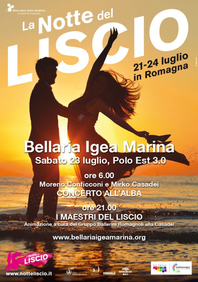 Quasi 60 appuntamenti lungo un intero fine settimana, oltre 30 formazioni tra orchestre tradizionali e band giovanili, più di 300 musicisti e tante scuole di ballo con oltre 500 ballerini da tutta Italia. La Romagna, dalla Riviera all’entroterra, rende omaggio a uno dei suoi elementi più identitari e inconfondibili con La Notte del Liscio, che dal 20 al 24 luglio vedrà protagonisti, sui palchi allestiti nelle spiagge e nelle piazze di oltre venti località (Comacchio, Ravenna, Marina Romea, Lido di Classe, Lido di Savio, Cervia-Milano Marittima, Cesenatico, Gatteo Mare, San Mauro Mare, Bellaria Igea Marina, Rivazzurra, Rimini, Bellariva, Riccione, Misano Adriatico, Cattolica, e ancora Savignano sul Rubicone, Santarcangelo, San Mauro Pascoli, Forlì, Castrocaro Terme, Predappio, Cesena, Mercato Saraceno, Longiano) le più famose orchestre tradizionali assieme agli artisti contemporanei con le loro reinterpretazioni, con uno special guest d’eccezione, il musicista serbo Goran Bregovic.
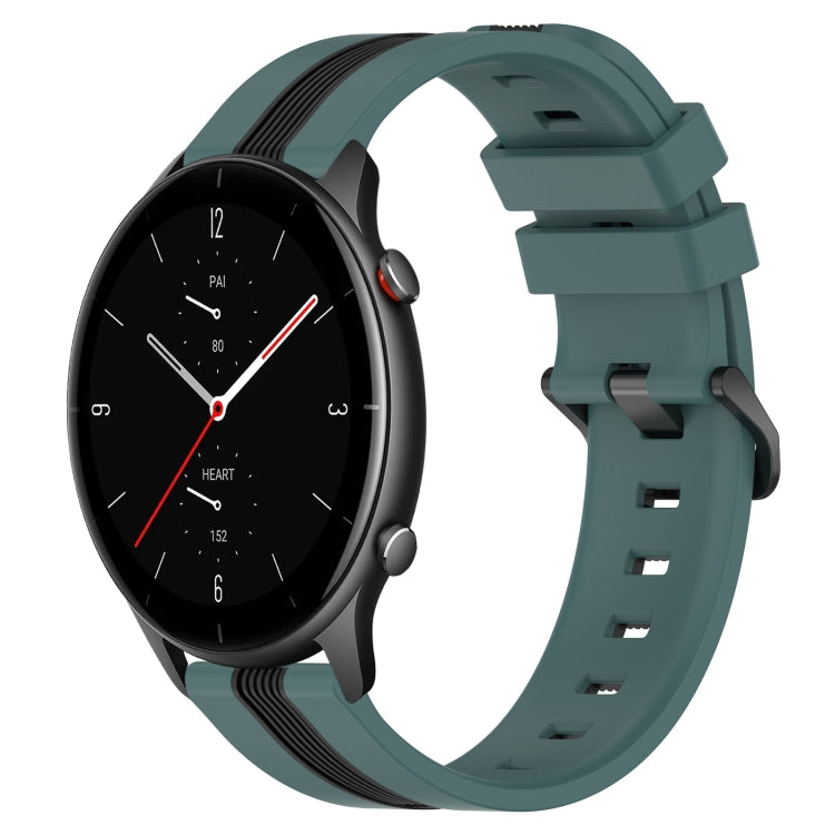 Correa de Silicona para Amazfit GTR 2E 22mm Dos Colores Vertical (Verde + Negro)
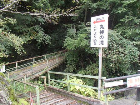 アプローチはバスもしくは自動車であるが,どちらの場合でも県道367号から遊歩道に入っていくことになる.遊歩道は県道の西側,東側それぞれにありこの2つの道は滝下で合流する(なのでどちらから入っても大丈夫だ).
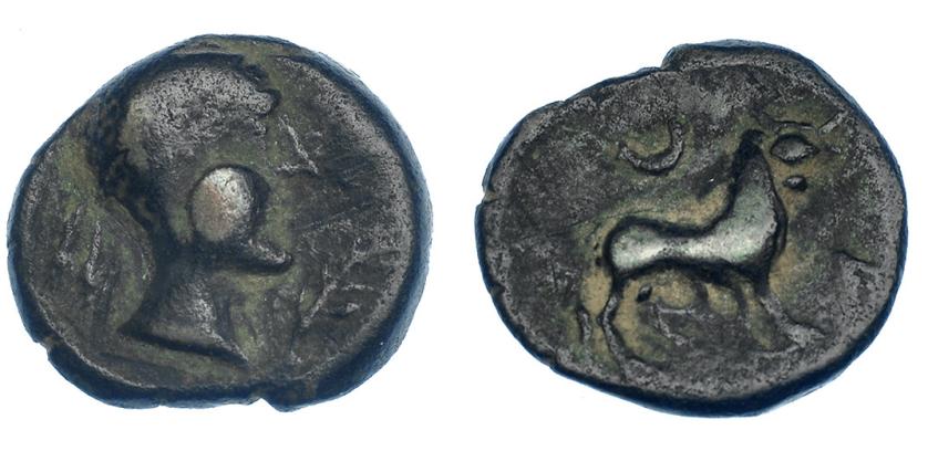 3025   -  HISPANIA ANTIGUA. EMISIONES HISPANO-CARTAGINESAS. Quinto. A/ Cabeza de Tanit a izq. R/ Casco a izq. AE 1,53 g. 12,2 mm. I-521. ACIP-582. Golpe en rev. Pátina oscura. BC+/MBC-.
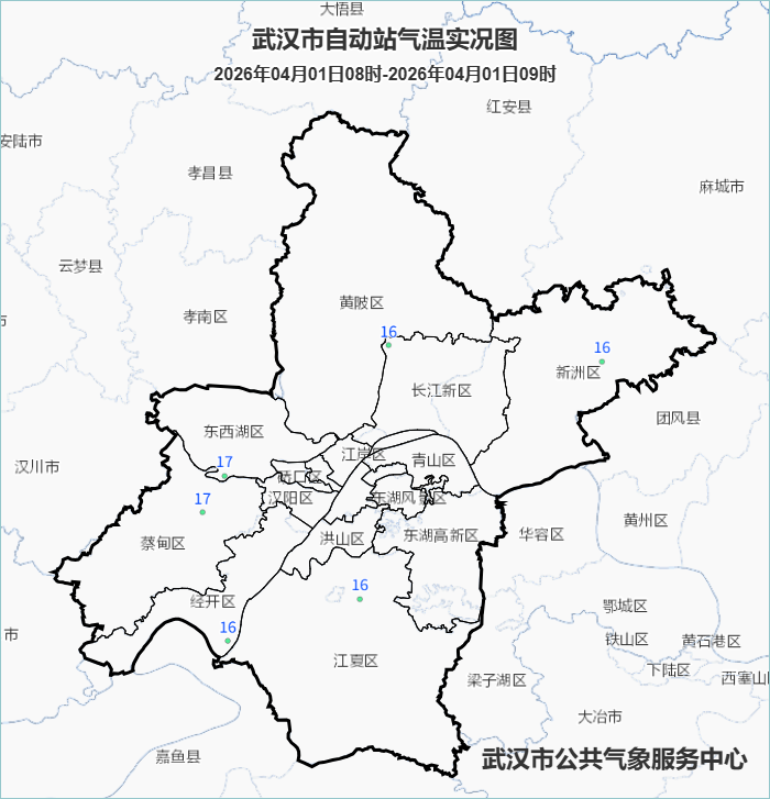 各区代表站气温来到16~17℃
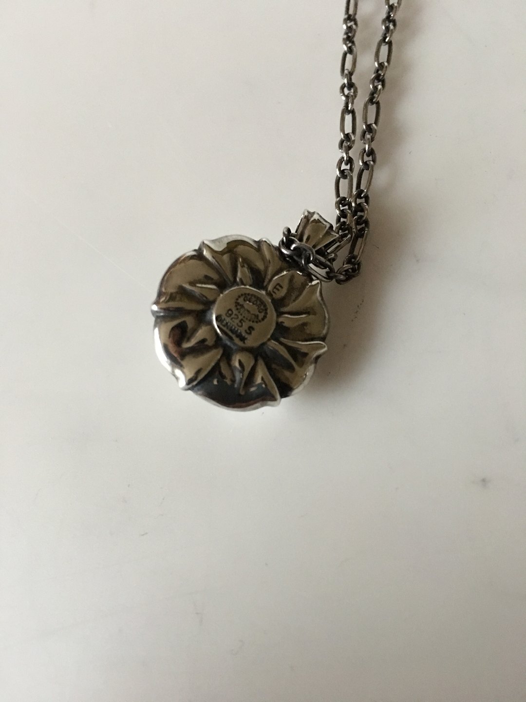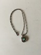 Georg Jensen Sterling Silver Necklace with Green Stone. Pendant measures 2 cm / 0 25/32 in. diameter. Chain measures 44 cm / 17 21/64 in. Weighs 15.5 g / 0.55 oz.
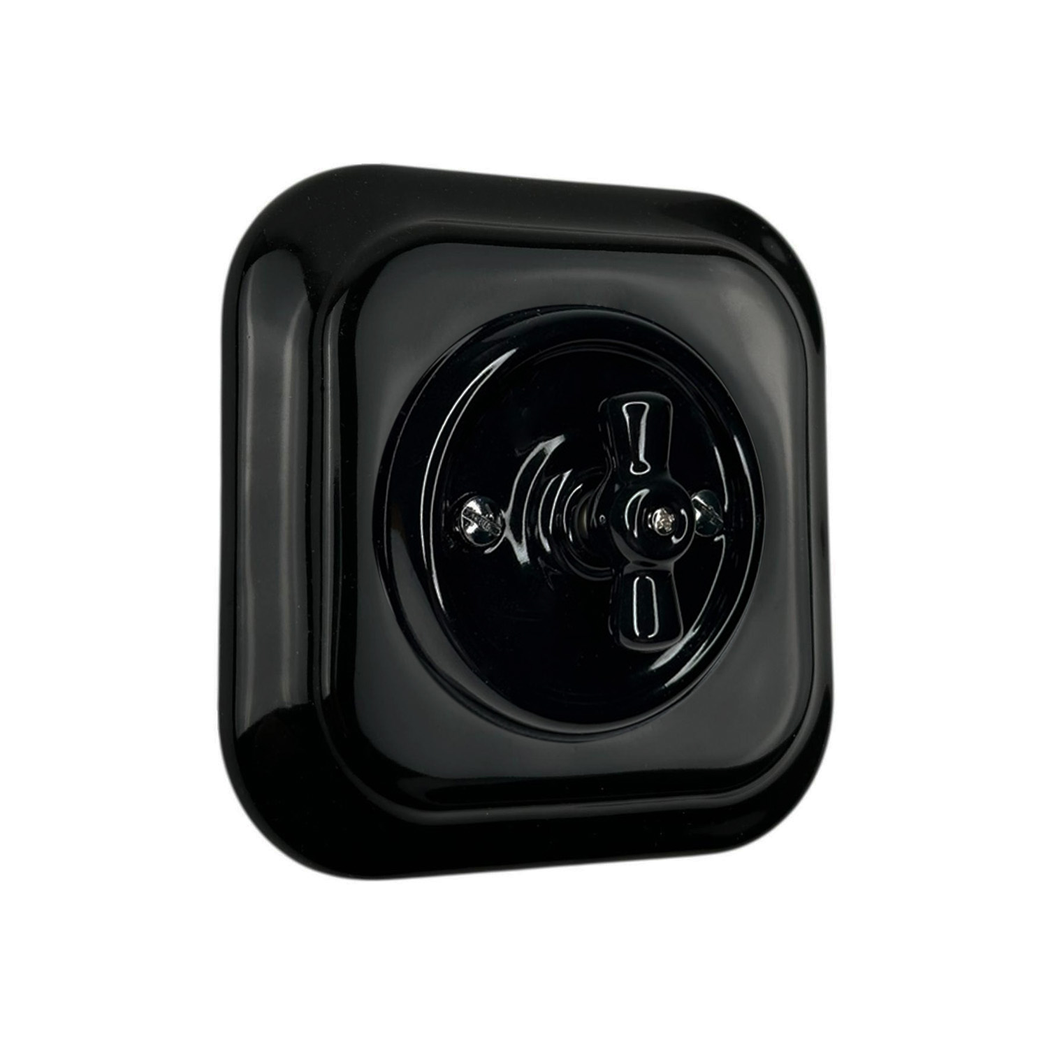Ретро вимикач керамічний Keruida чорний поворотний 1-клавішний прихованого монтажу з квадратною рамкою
##############################
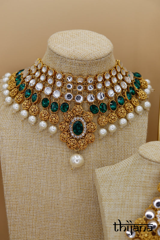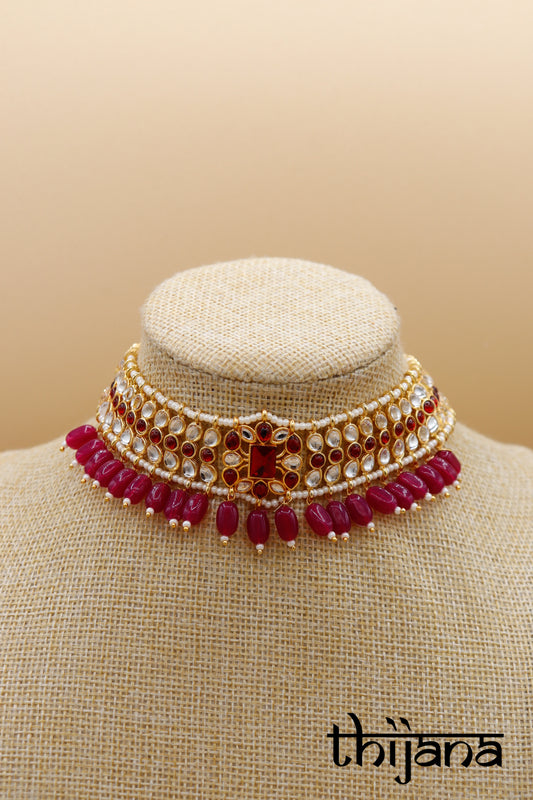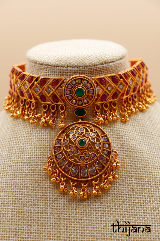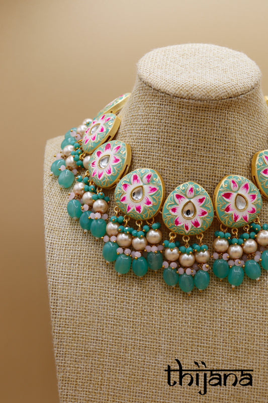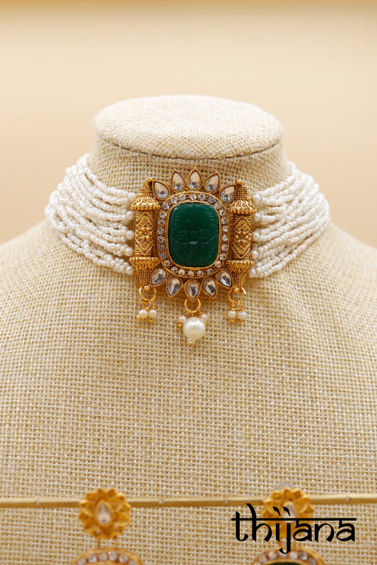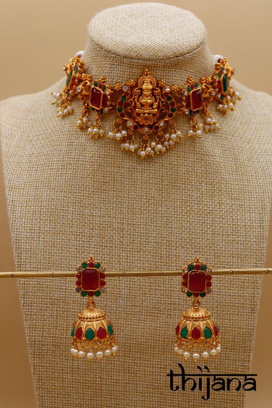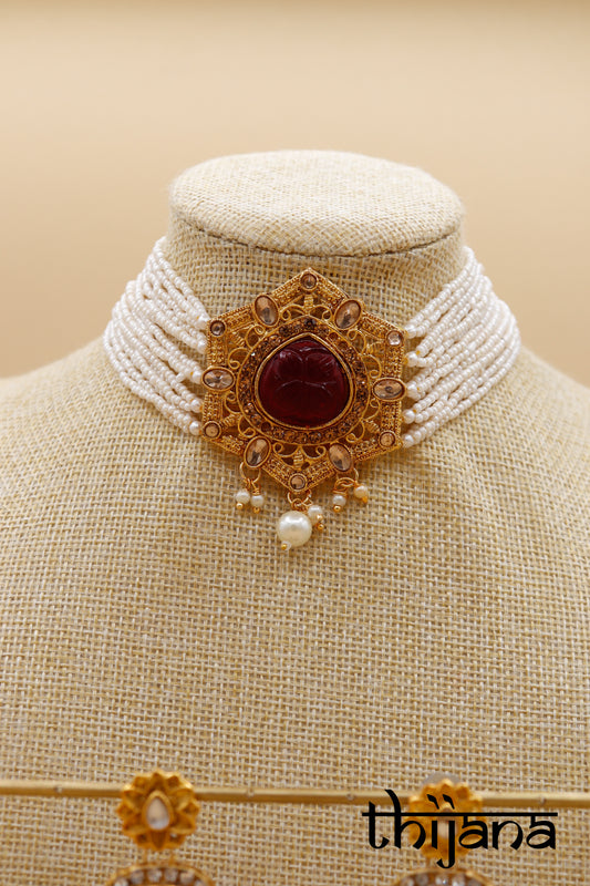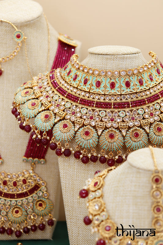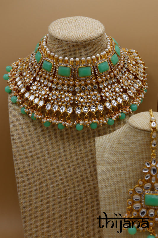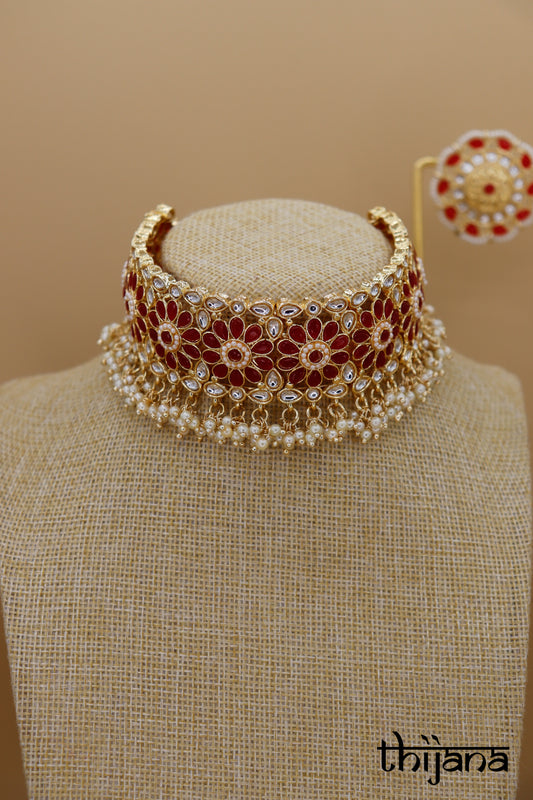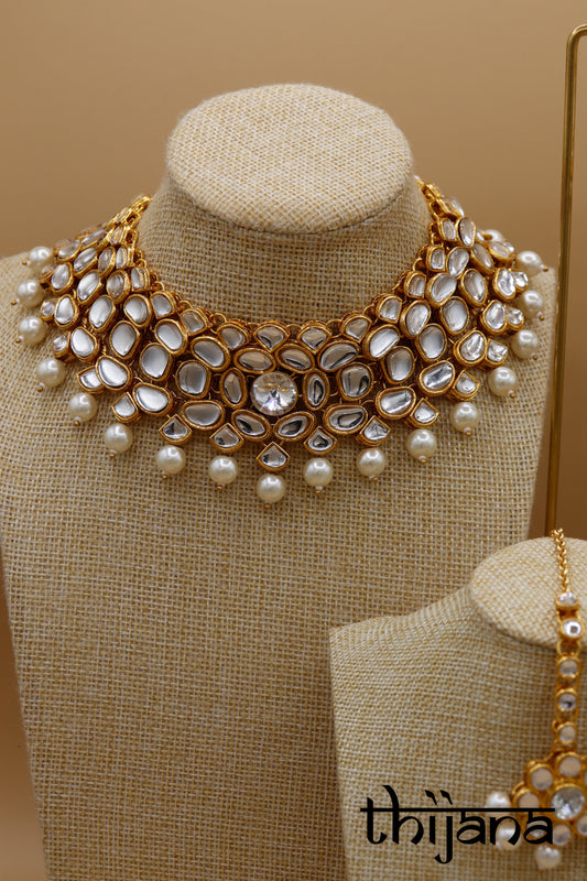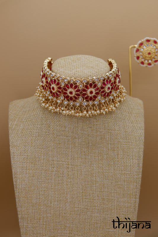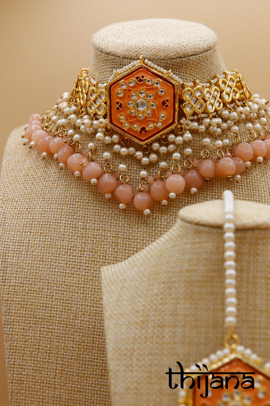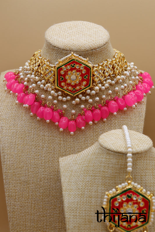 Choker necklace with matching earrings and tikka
##############################
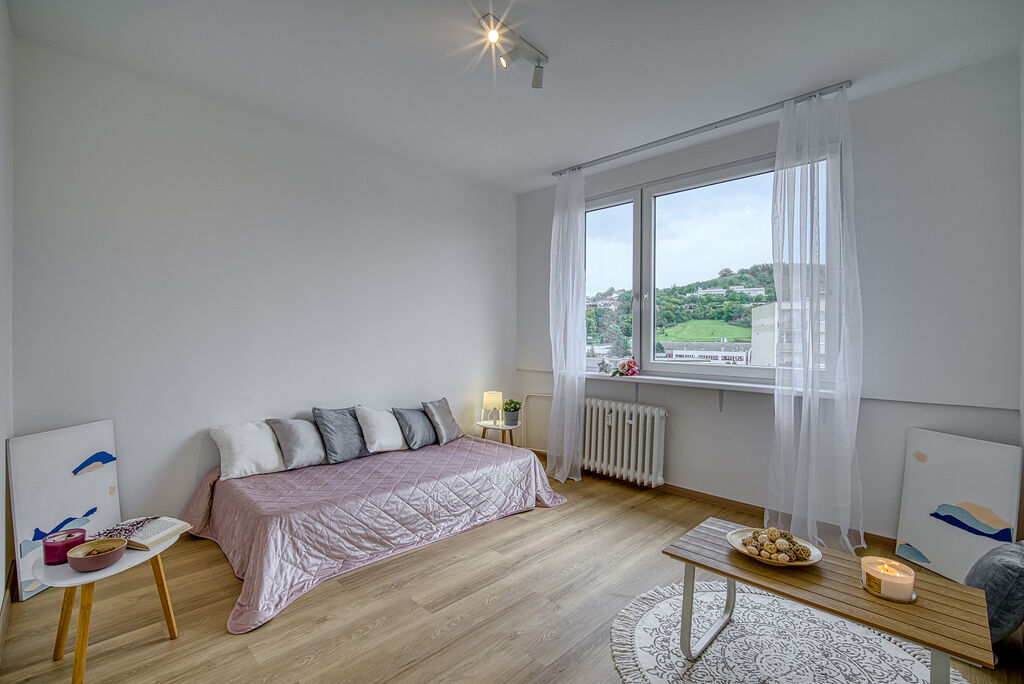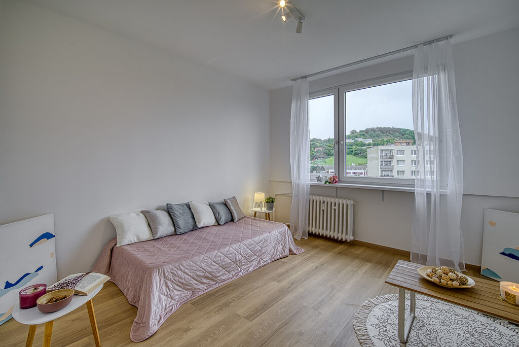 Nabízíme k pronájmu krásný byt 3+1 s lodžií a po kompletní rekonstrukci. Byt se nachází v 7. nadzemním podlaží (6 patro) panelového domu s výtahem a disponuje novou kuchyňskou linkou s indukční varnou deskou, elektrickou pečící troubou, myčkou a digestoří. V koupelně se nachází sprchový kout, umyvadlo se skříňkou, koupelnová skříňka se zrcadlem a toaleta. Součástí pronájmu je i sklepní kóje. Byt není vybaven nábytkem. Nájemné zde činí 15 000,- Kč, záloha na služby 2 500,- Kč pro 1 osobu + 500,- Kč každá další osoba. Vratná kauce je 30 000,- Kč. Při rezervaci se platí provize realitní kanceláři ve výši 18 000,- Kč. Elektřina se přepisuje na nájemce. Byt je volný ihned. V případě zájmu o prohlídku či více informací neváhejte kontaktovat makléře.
##############################
## What is expected:
Please repeat the lines of the material above exactly, starting with the line that contains "各区代表站气温来到16~17℃" and ending with the line that contains "Ретро вимикач керамічний". Leave the pictures out.

## Answer section:
 各区代表站气温来到16~17℃
 Georg Jensen Sterling Silver Necklace with Green Stone. Pendant measures 2 cm / 0 25/32 in. diameter. Chain measures 44 cm / 17 21/64 in. Weighs 15.5 g / 0.55 oz.
Ретро вимикач керамічний Keruida чорний поворотний 1-клавішний прихованого монтажу з квадратною рамкою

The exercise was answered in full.